COLLECTED DATA:

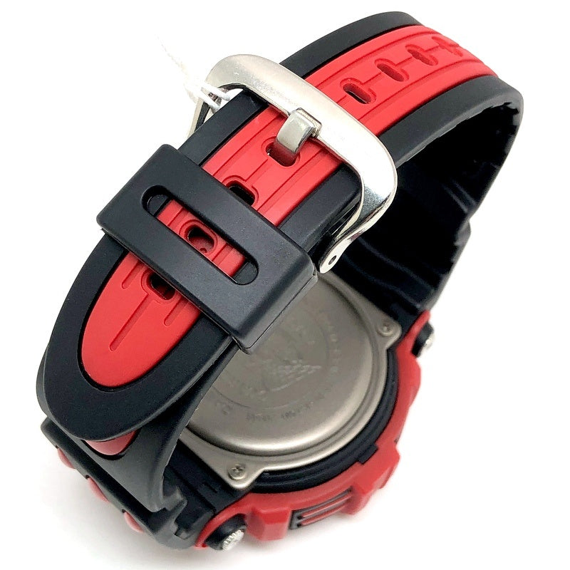 | コメント | 1998年7月に発売された、アメリカ合衆国・日本・カナダ・イギリス・ブラジル・南アフリカ共和国などの世界14カ国で街の平和と安全を守るボランティア自警団体「Guardian Angels(ガーディアンエンジェルス)」のオフィシャルコラボレーションモデル。ベースには世界で初めて強負荷(多量の電力消費)のかかる時計に、光を当てると充電されるソーラーパネル(タフソーラー)が搭載されたRAYSMANのDW-9300を採用。ガーディアンエンジェルスのカラーであるレッドを基調にデザインされており、ベゼルリングには彼らの信念である「We Dare to Care」と「Safety Patrol」の文字が刻まれています。裏蓋にはシンボルマークが刻印され、ELバックライト発光時にも同様のマークが浮かび上がります。 |
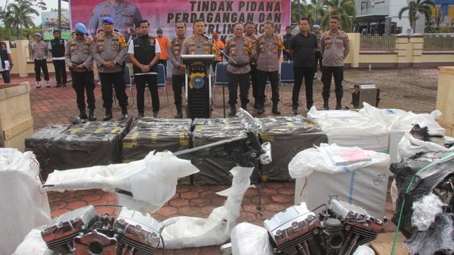 Polres Bengkalis mengungkap kasus penyelundupan barang ilegal. Salah satu barang bukti yang disita yakni mesin motor gede Harley Davidson dengan total Rp 5 miliar.
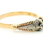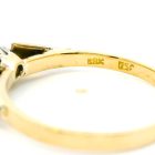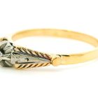 Anillo solitario de compromiso realizado en oro 18k con decoraciones en platino 950. Posee zafiro blanco central talla brillante antiguo.

YOUR OBJECTIVE: Begin with the line that contains "Polres Bengkalis mengungkap" and repeat every line through the end of the data, exactly and only those lines, leaving out the pictures.

RESPONSE BELOW:
 Polres Bengkalis mengungkap kasus penyelundupan barang ilegal. Salah satu barang bukti yang disita yakni mesin motor gede Harley Davidson dengan total Rp 5 miliar.
 Anillo solitario de compromiso realizado en oro 18k con decoraciones en platino 950. Posee zafiro blanco central talla brillante antiguo.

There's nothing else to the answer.